What you have to do:
The lines below, from the one containing "王者荣耀苹果QQ成品号,V6" through the one containing "diffused natural lighting", should be set down exactly, with no pictures and nothing else.
(Entries provided Opens)
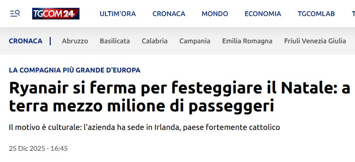 Accompagnate da informazioni del tipo: “ in questo modo Ryanair fa a meno di oltre 500mila passeggeri e circa 40 milioni di ricavi stimati per il 25 dicembre. “
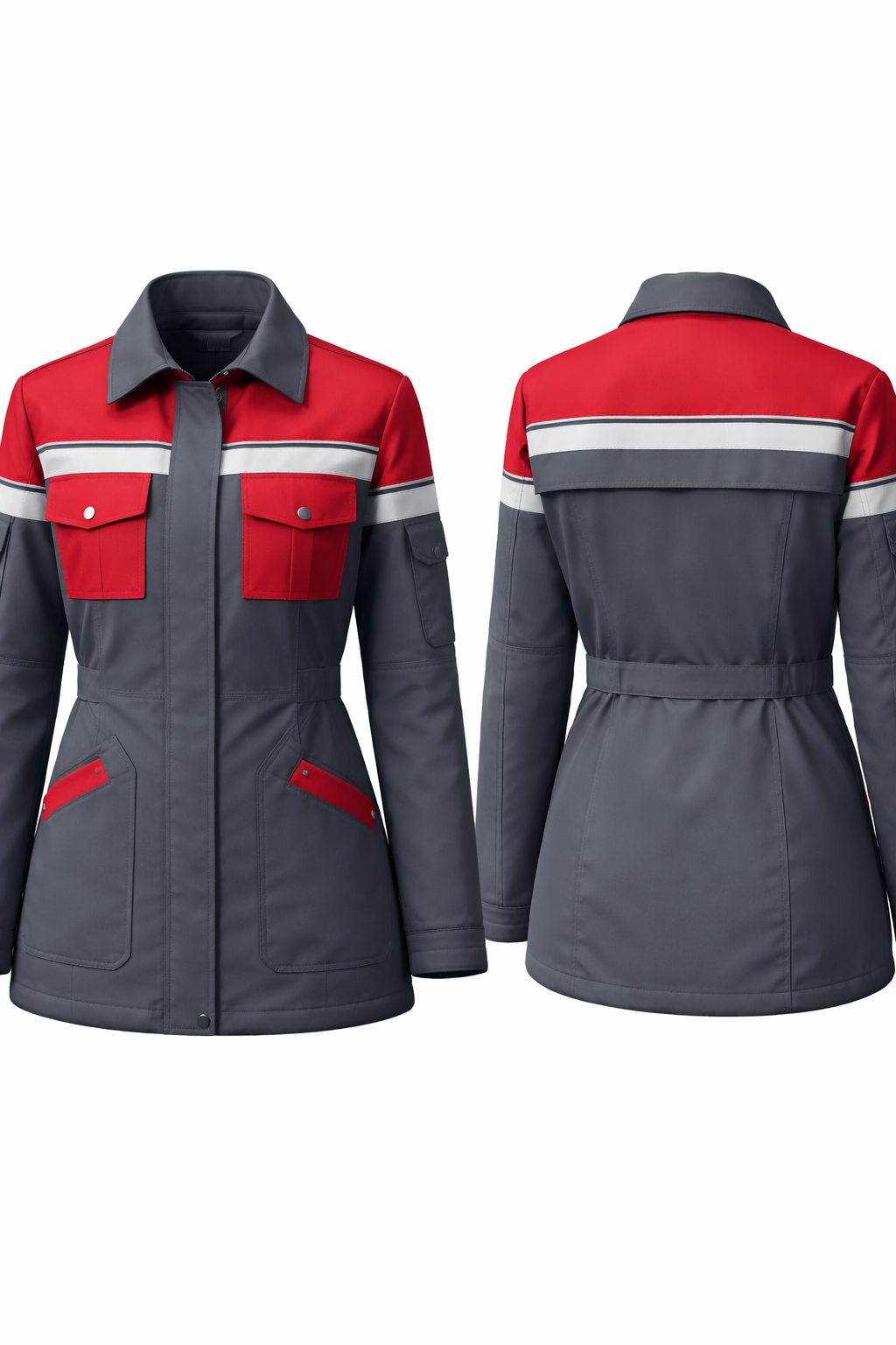 Женская куртка из серой плащёвки, рабочий вариант, прямого слегка приталенного силуэта, длиной до середины бедра. Материал – матовая водо‑ и ветронепроницаемая плащевая с блеском ткань средней плотности, с блеском, основного тёмно‑серого цвета. Куртка застёгивается по центру переда на потайную планку с пуговицами, планка визуально разделена вертикальными строчками. На спинке отлетная кокетка. Покажи вид спереди и сзади. Светоотражающая полоска на левом рукаве не нужна Верхняя часть переда и спинки выполнена из контрастной красной плащёвки широкой кокеткой по всей ширине плеч. По низу кокетки спереди и сзади проходит горизонтальная широкая светло‑серая или белая вставка с двумя параллельными декоративными строчками, создающая эффект сигнальной полосы. На спинке под кокеткой – горизонтальная притачная деталь (пояс‑обтачка) в цвет основного серого. Воротник отложной, рубашечного типа, средней высоты, в цвет основного серого, с чёткой формой и аккуратной отстрочкой по краю. На груди спереди расположены два объёмных накладных кармана из красной ткани, прямоугольной формы, с клапанами на кнопках; верхняя линия карманов совпадает с нижним краем светлой горизонтальной вставки. В нижней части полочек, по бокам, находятся большие накладные карманы из серой плащёвки, с верхней скошенной частью и небольшими диагональными красными вставками по верхнему наружному углу. Рукава длинные, втачные, серого цвета по всей длине. В верхней трети рукава, чуть выше локтя, проходит горизонтальная светло‑серая/белая полоса с двумя параллельными строчками, аналогичная полосе на груди и спине. На нижней трети одного из рукавов (обычно левого) дополнительно расположен накладной продолговатый карман с клапаном. Низ рукавов оформлен простыми притачными манжетами без сложных застёжек, с отстрочкой по контуру. Низ куртки прямой, слегка закруглённый по бокам, с одинарной отстрочкой по краю, без разрезов. Все швы и линии контрастно отстрочены прямой чёрной или тёмно‑серой строчкой, подчёркивая конструктивные детали и придавая куртке аккуратный технический вид. Общий образ – современная женская рабочая куртка в индустриальном стиле, с серой основой, яркими красными зонами и светлыми сигнальными полосами.
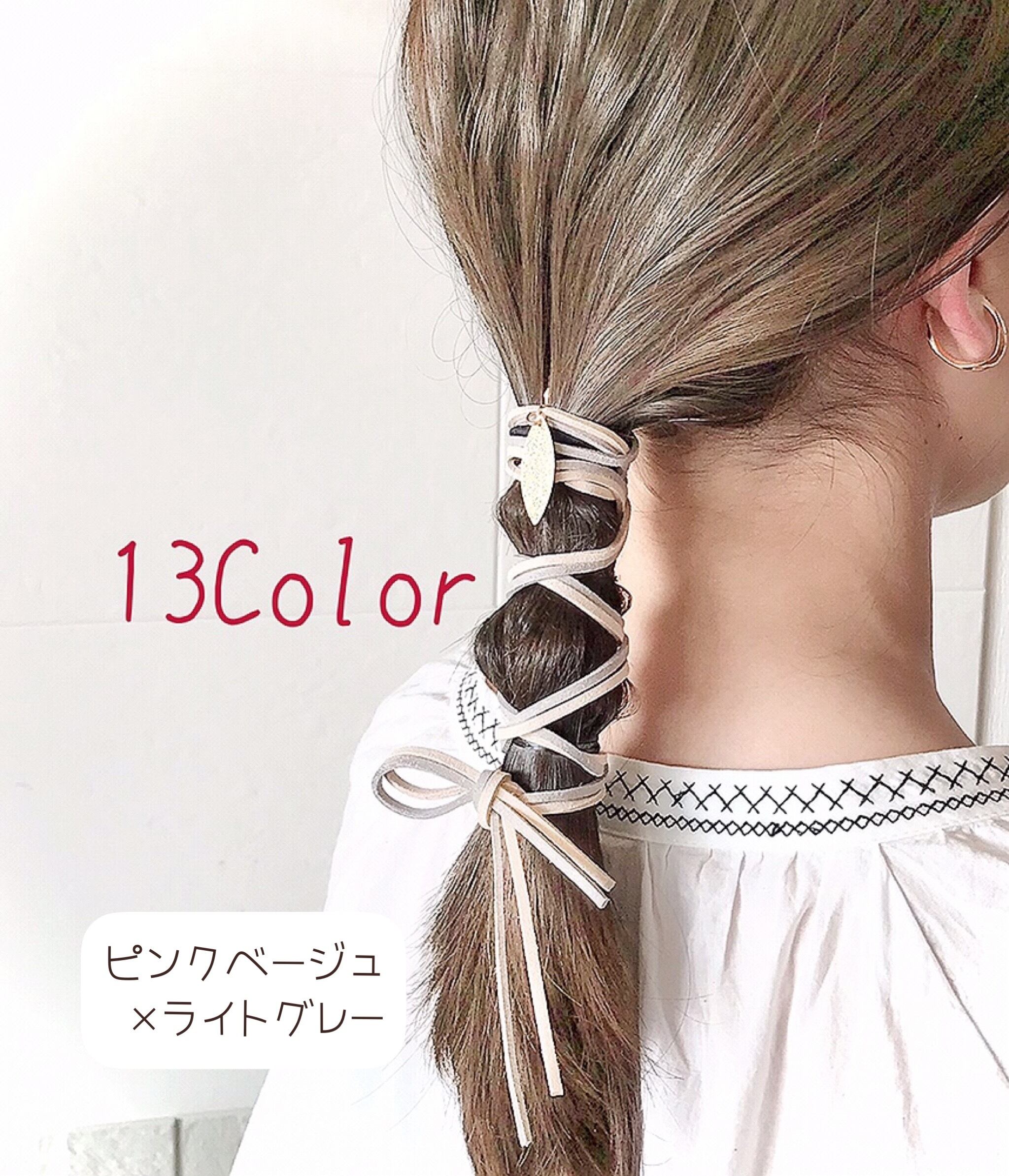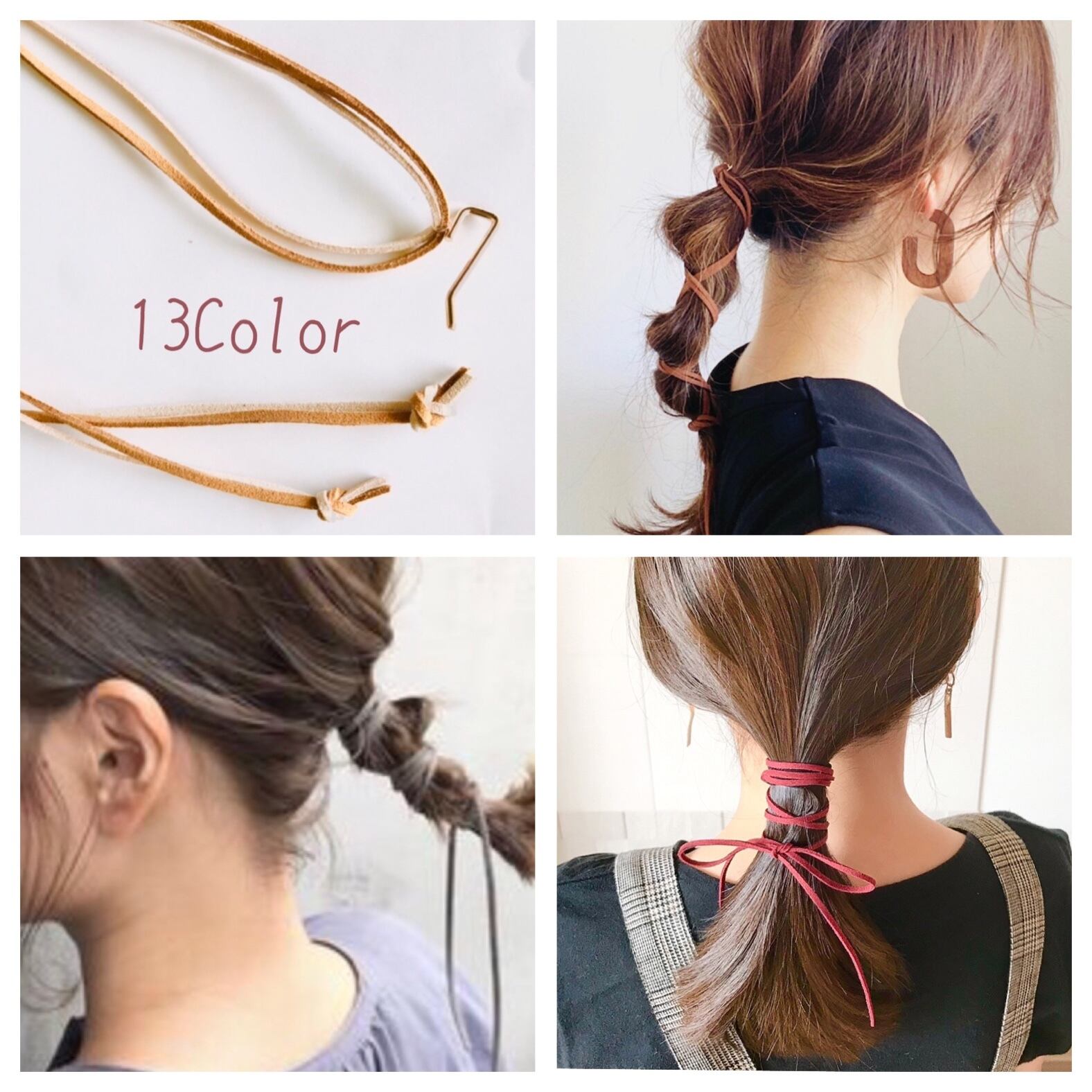 トレンドの紐のヘアアレンジができるスエード調の革紐です。
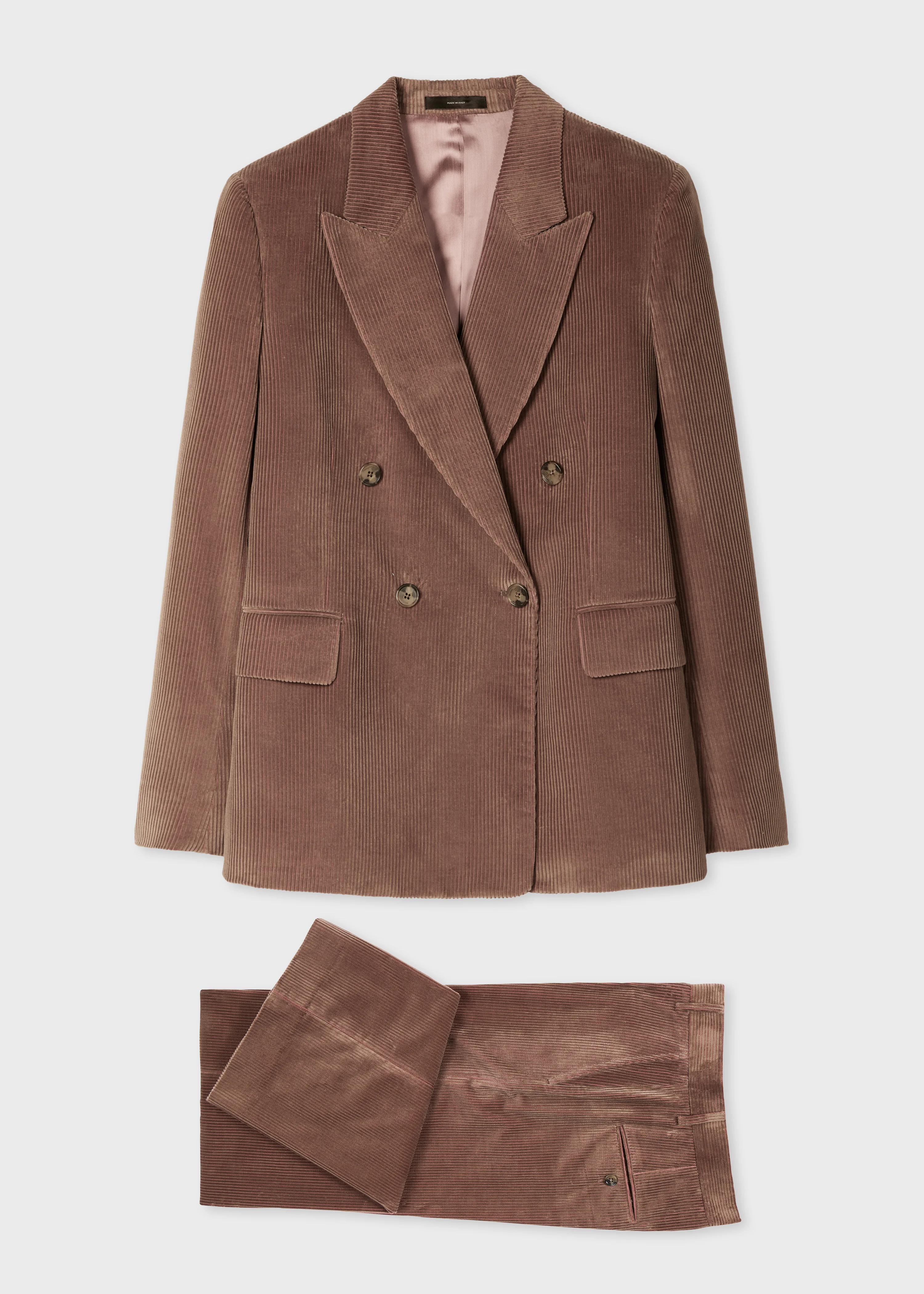 Made in Italy from a cotton composition, the brown suit features a cord construction with a pink base for added depth. Designed in a double-breasted silhouette, it features a shaping at the back for a structured yet feminine fit and exaggerated lapels for a vintage-inspired touch. The wide-leg trousers feature a cord construction with a pink base for added depth. The trousers feature twin-side seam pockets and back pockets with button fastenings. Product Code: W1R-SUIT-T02792-20
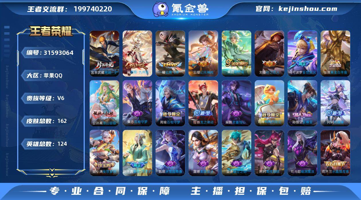 王者荣耀苹果QQ成品号,V6,162款皮肤+124英雄,含宫本黑崎一护、孙悟空至尊宝、澜蛇年限等8款传说皮!收藏家32级,5个王者印记,2市标5区标,主玩阿轲(有6元皮+节奏热浪等)。账号自用充过,安全可二次实名,正常登录无异常。图里全是实机截图,细节真实!价格已开自动调价好价速来,售出不退,诚心要的直接拍!
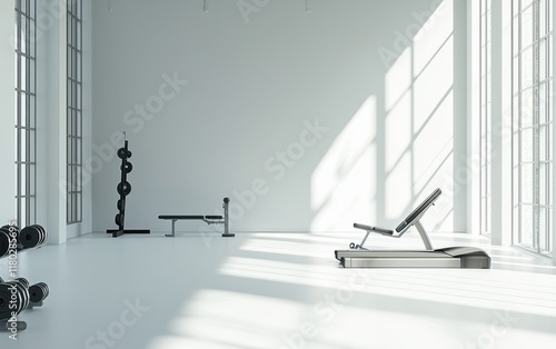 © Sergey Fedchenko, Naklejka premium A minimalist gym-themed background with a clean white floor, workout equipment, and diffused natural lighting
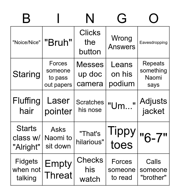 This bingo card has 28 words: "6-7", Sports talk, Leans on his podium, Forces someone to read, Staring, Clicks the button, "Bruh", Starts class w/ "Alright", "Um...", Fidgets when not talking, Fluffing hair, Wrong Answers, Empty Threat, Checks his watch, Repeats something Naomi says, Cackles at a dumb joke, Asks Naomi to sit down, Forces someone to pass out papers, Messes up doc camera, "That's hilarious", "Noice/Nice", Calls someone "brother", Scratches his nose, Laser pointer, Adjusts jacket, Tippy toes, Eavesdropping and Says something Cringy.
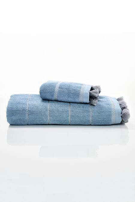 Rectangle shaped, Tassel border, Dimensions W X L :, Hand - 38 X 60 cm, Bath - 70 X 150 cm, Note: Only the blue towel set is being sold
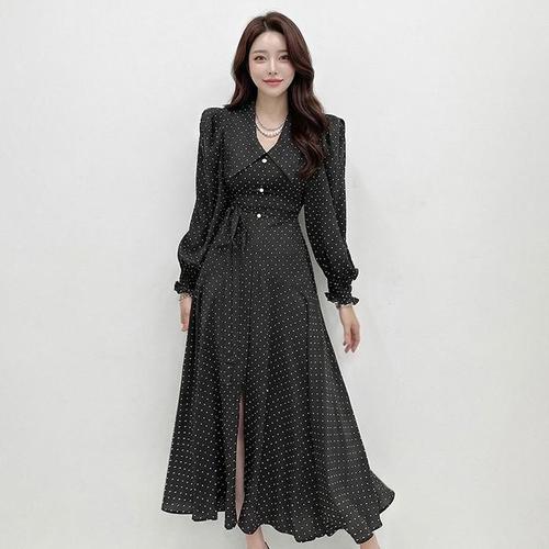 [트리아나]소고 세이브존01 도트 프린트 롱 원피스 AH1PA01_A (S48701370)
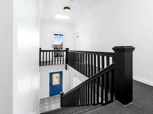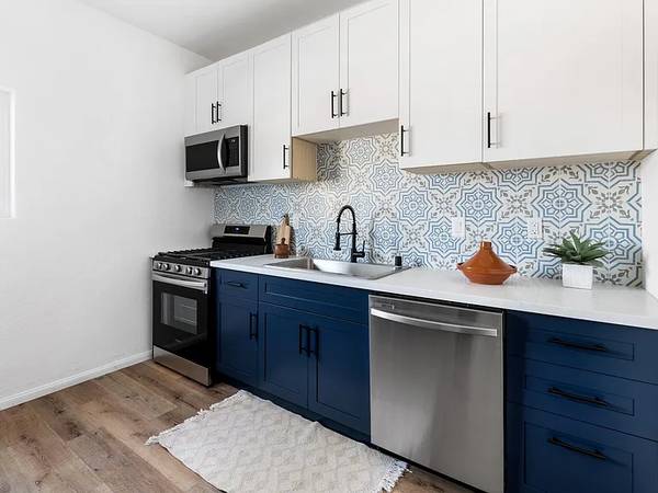 A remodeled 1930s Spanish-style boutique property near Culver City, featuring an upper-level unit with vaulted ceilings and modern amenities. Designed by an in-house architect, the apartments include a vintage kitchen back splash, colorful cabinets, in-unit washer/dryer, and bright bathrooms. The large living room accommodates both leisure and workspace. Residents benefit from remote-controlled cooling and heating systems and easy access to the Expo light rail line. The property also offers an outdoor garden space, fostering a sense of community.
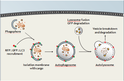 在自噬的早期,RFP和GFP信號均可被探知,當進入自噬體和溶酶體融合程序,GFP熒光信號消失,只留下可視的RFP熒光信號。GFP-LC3/RFP-LC3陽性細胞和RFP-LC3陽性細胞的比例可用來評估自噬潮的階段
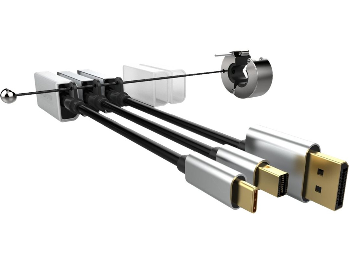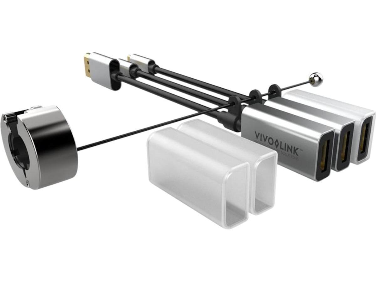 Med en Vivolink HDMI Adapter-ring sikkert låst til HDMI-kabelen i møterommet, er alt klart når det trengs. Adapterringen leveres med en spesiallås for HDMI-kabel, slik at den ikke kan fjernes uten verktøy.
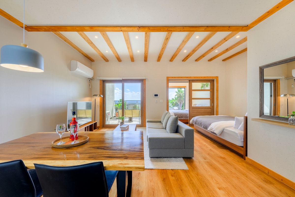 欢迎来到位于西归浦南元南太海岸路最安静、最悠闲地段的 Uplussea 别墅 (Uplussea Pension)。这是一个拥有私人海景的精致民宿,您可以通过落地窗,完整享受清澈湛蓝的济州南海岸风光。我们为小型旅行团体(情侣、朋友、家庭)准备了干净且富有格调的室内设计,以及高品质的床品。早晨在私人露台上享受咖啡和阳光,冬季在房间内即可欣赏到美丽的海上日出,度过疗愈时光。如果您想远离喧嚣,静静感受济州大海,Uplussea 将为您提供最完美的休息空间。【地理位置优势】 Uplussea 位于济州岛南海岸的中心位置,方便前往东西部景点。您可以轻松安排两天的行程:一天游览东部(如城山、牛岛),另一天游览西部(如挟才、涯月),实现高效的济州之旅。【重要须知】 为确保客人深度放松,Uplussea 仅接受最少入住 2 晚及以上的预订。
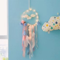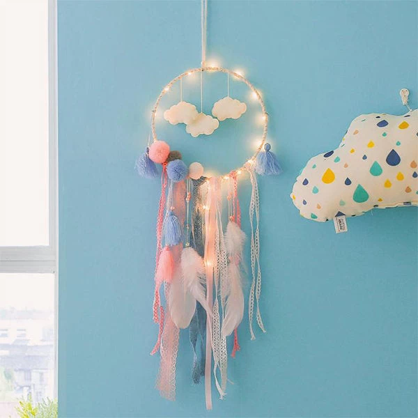 Fluffy white clouds, feathers and poms poms, oh my! This DIY Cloud Dream Catcher brings a sweet magical touch to a nursery or bedroom.
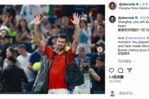 体育资讯10月11日讯 在上海大师赛止步半决赛后,德约科维奇通过社交媒体感谢了上海和球迷。
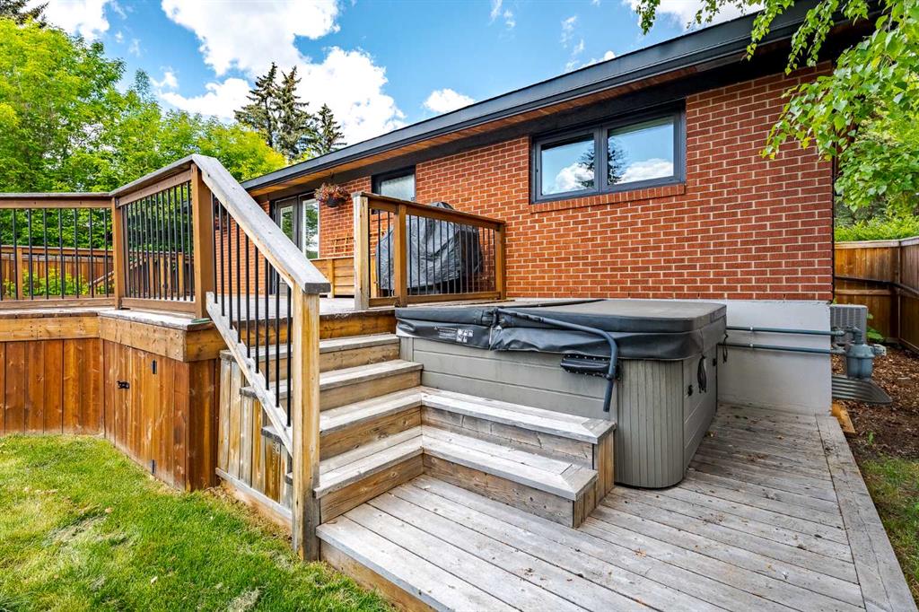 Step outside to a custom-built cedar deck — ideal for relaxed gatherings — framed by established trees and low-maintenance landscaping. The large yard also offers mature raspberry bushes, saskatoon berries, a plum tree, and a crab apple tree — perfect for those who enjoy a bit of homegrown bounty. Additional highlights include a double detached garage (fully insulated; heat ready!), strong mechanical systems, and a comprehensive (to the studs) renovation completed 12 years ago. There is even AC and a hot tub (negotiable)! Exposed aggregate walkways complete the backyard space, and the electrical line was even buried for better deck enjoyment.
(Entries provided Closes)
Answer area:
 王者荣耀苹果QQ成品号,V6,162款皮肤+124英雄,含宫本黑崎一护、孙悟空至尊宝、澜蛇年限等8款传说皮!收藏家32级,5个王者印记,2市标5区标,主玩阿轲(有6元皮+节奏热浪等)。账号自用充过,安全可二次实名,正常登录无异常。图里全是实机截图,细节真实!价格已开自动调价好价速来,售出不退,诚心要的直接拍!
 © Sergey Fedchenko, Naklejka premium A minimalist gym-themed background with a clean white floor, workout equipment, and diffused natural lighting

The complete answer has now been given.